A parent can also request that the court appoints a guardian ad litem to help. This person is a trained and neutral third party who will investigate, report, and draw conclusions about what accommodations will be best for the child, given the totality of the circumstances. In the extreme cases, a primary parent may need to consider seeking the sole legal custody, to avoid constant present and future problems when making medical and educational decisions for the child. Remember, oftentimes these decisions need to be made quickly, so while parents are fighting over who is right or wrong, the child, who needs to move forward remains stuck in limbo.

Recognizing that custodial and parenting time arrangements for children with special needs frequently don’t follow traditional patterns, there are many factors to be considered. They include:

  • Does the school district where the child attends a school have a residency requirement, and if so, what schedule will potentially jeopardize the child’s educational plans, services, and accommodations?
  • Does the child have an ability to make smooth or frequent transitions between houses?
  • Will the child have an unimpeded access to the other parent via telephone, text messaging, e-mail, FaceTime, or Skype?
  • What is the child’s tolerance to being away from the primary parent for extended periods of time?
  • What do the words ‘extended period of time’ mean in terms of what the child will deem stressful?
  • Is there more than one child in the household, and if so, should parenting time be different for each of the children?
  • How long will it take for a child to adjust to moving back and forth between the households, and how is the child, in general, dealing with the separation of his or her parents?

 

As a possible modification of a traditional parenting plan, there are many creative options. For example, overnight stays may occur only on the weekends and not during the school or work week. For a child who struggles with overnight stays all the time, consider having more frequent dinner or after-school visits instead. Alternatively, structure a schedule that increases the number of overnight visits over a period of time to allow the child to get used to the change, or to account for their age if a child is young. These solutions can satisfy the secondary parent’s desire to be with their child while recognizing what makes this child most comfortable.

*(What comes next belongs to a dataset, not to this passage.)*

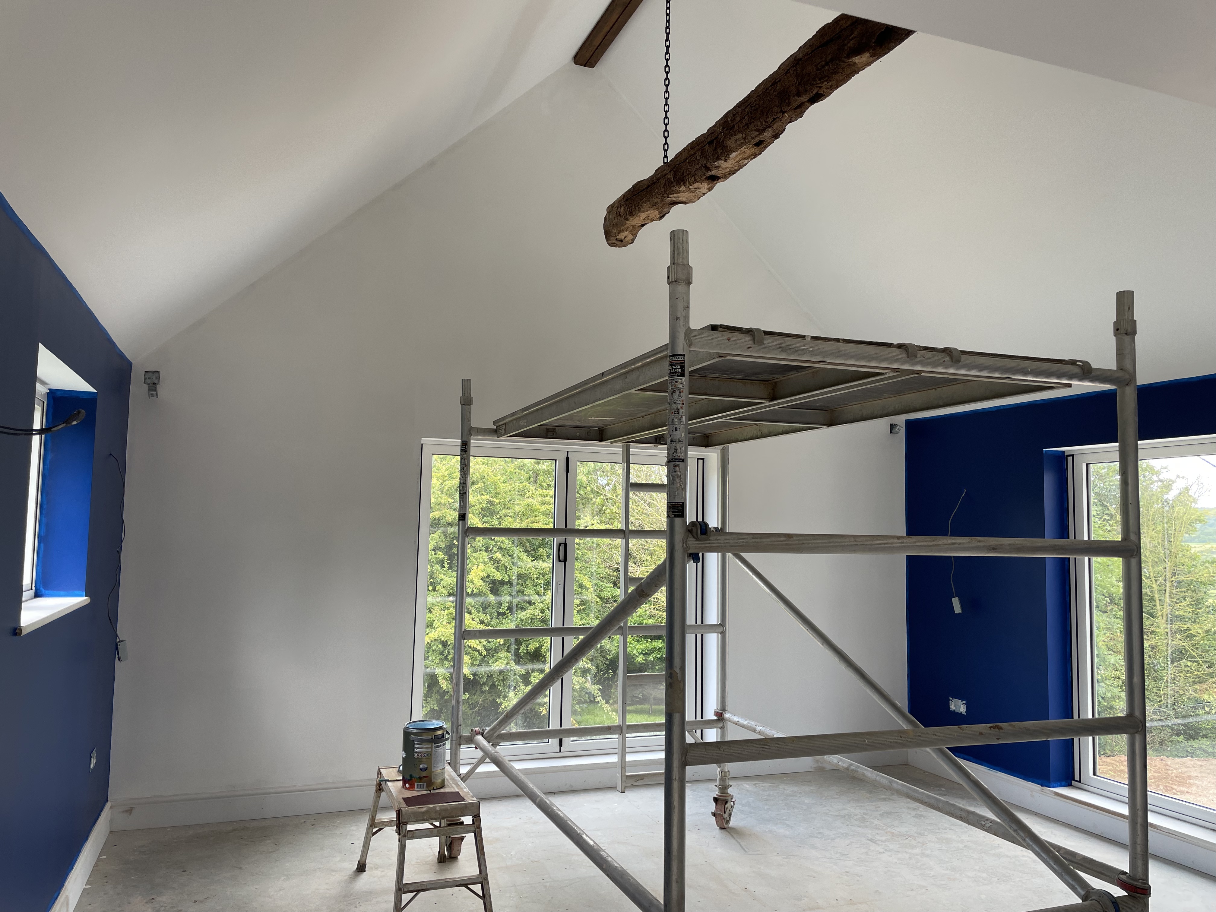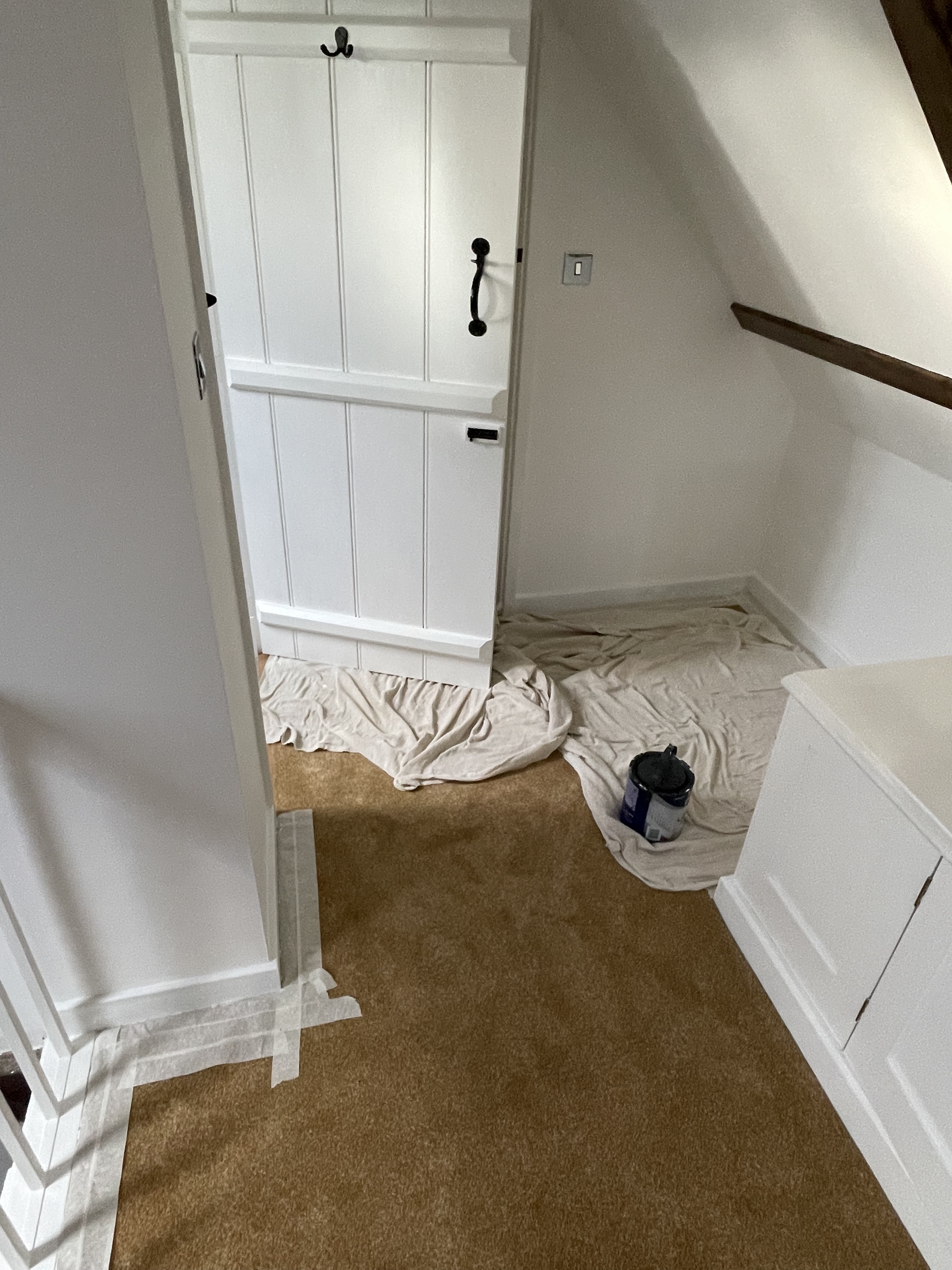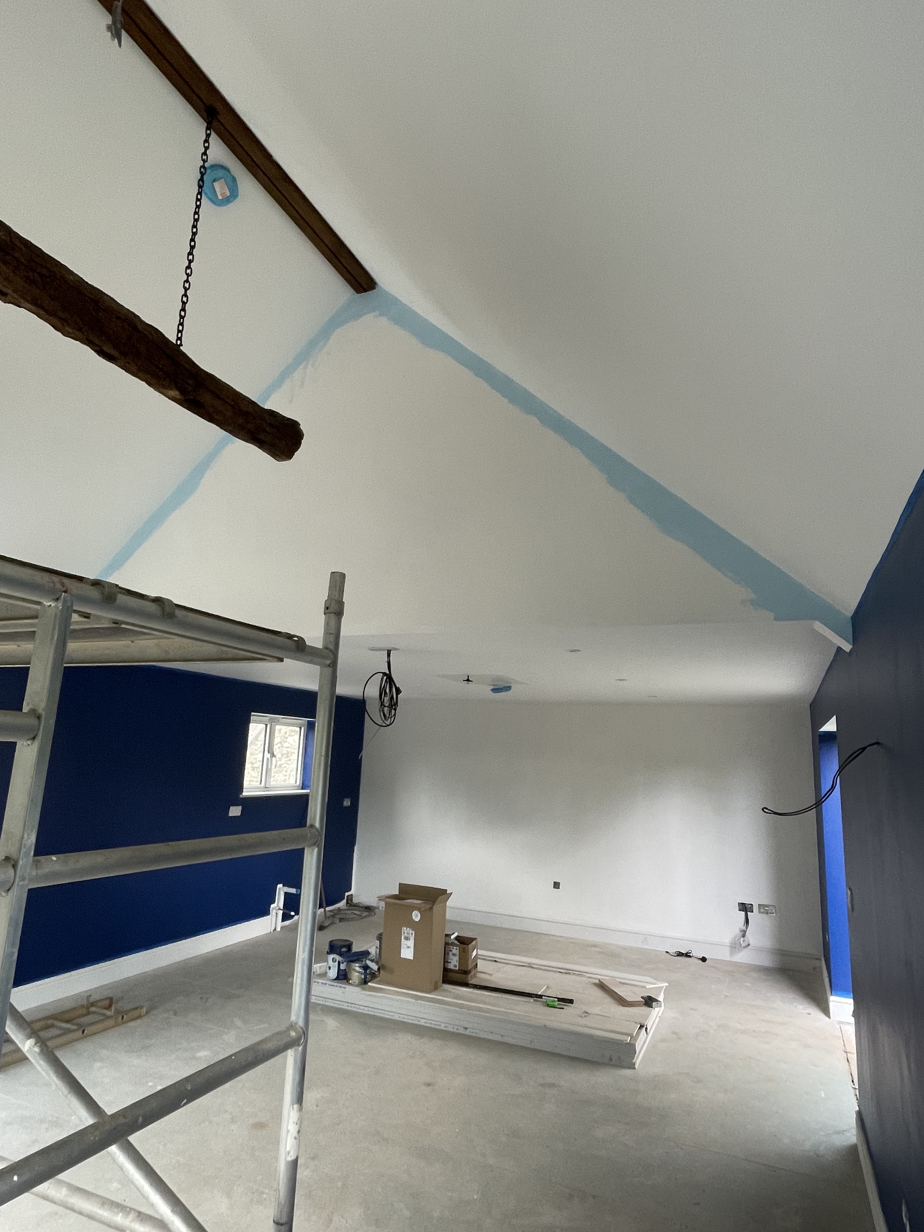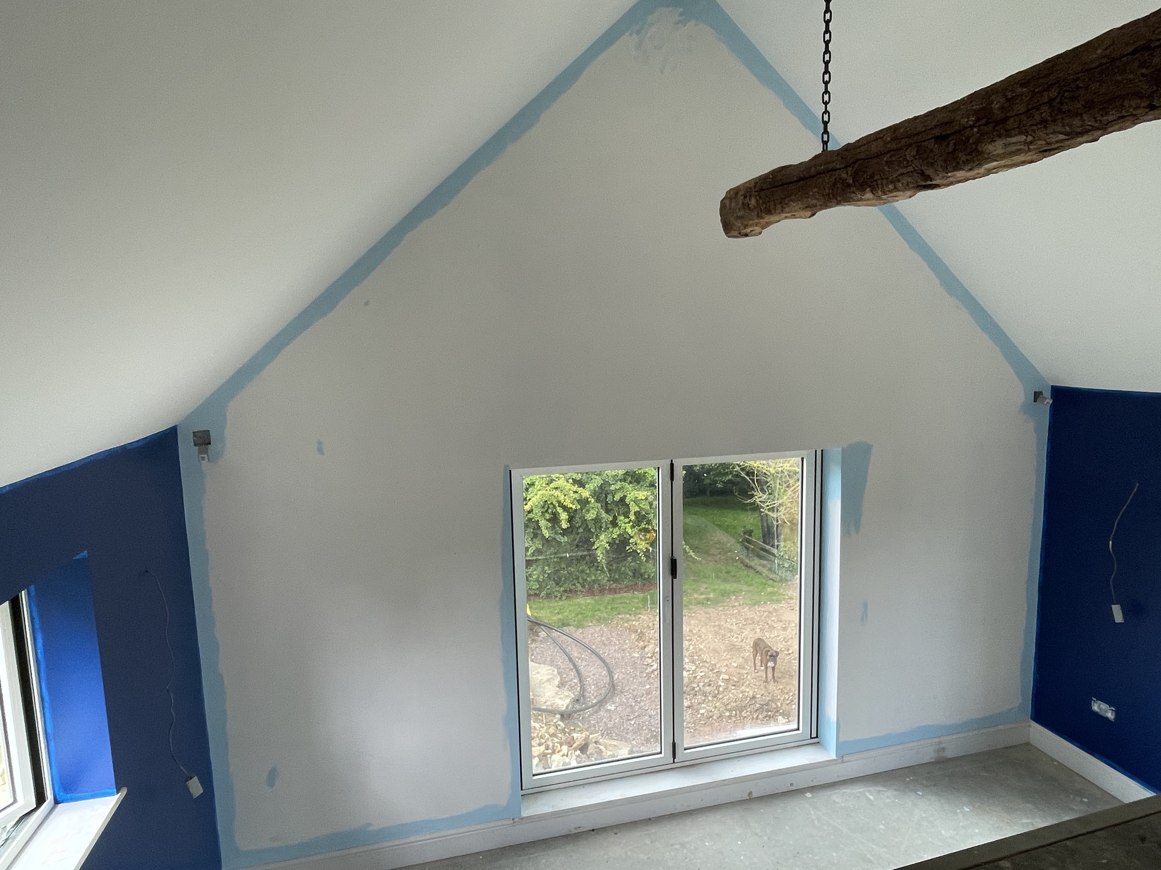 The rest of the week has definitely been filled with odd jobs around the place. In the farmhouse we’ve started painting the woodwork on the top floor landing (the final bit left) and we painted the soffit board below the roof, which we’d missed when the scaffolding was up. The window company came to replace the final blown window too so that’s one job ticked off the list. And in the laundry we put the first layer of Polyfilla around the light switch and filled in the screw holes on the door frame to make it a bit neater. We started edging the high walls in the communal games room so we can finish with the tower as soon as possible – the blue has turned out a little brighter than it was meant to so I hope It looks ok!
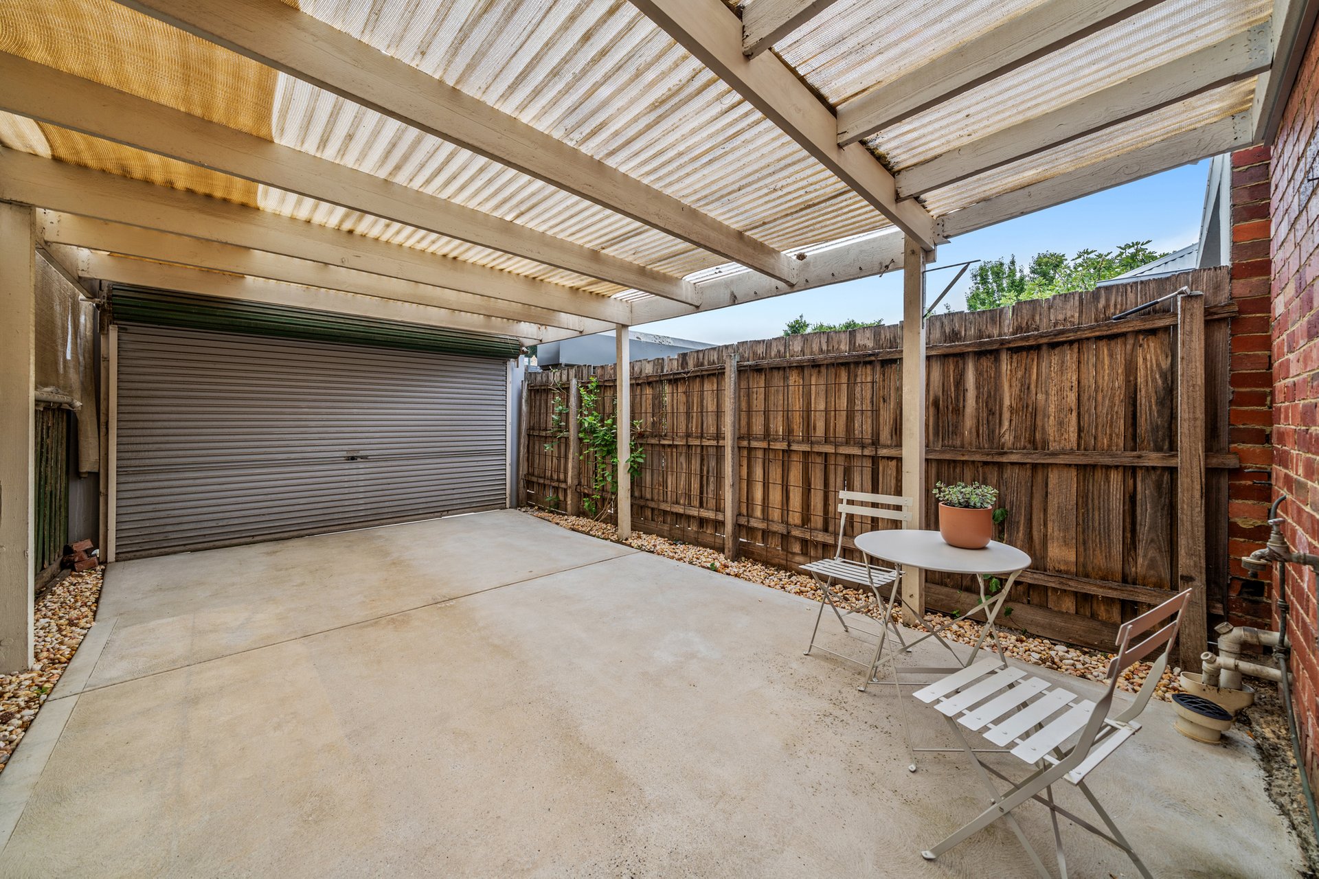 At the rear, a covered north facing courtyard with concrete paving offers a low-maintenance outdoor retreat, complemented by a secure roller-door providing off-street parking and additional storage. Fully fenced and private, this versatile space is ideal for entertaining, outdoor dining or workshop use.

The fact is, that having a child with special needs, even in an intact household, requires patience, communication, compromise, effort, and sacrifice. These requirements only become more important when parents no longer live together. Some of the greatest gifts a parent can give to a child are the respect and the acceptance of their needs, feelings, and limitations. Sometimes that means letting go of the inter-parent struggle and sacrificing quantity for quality.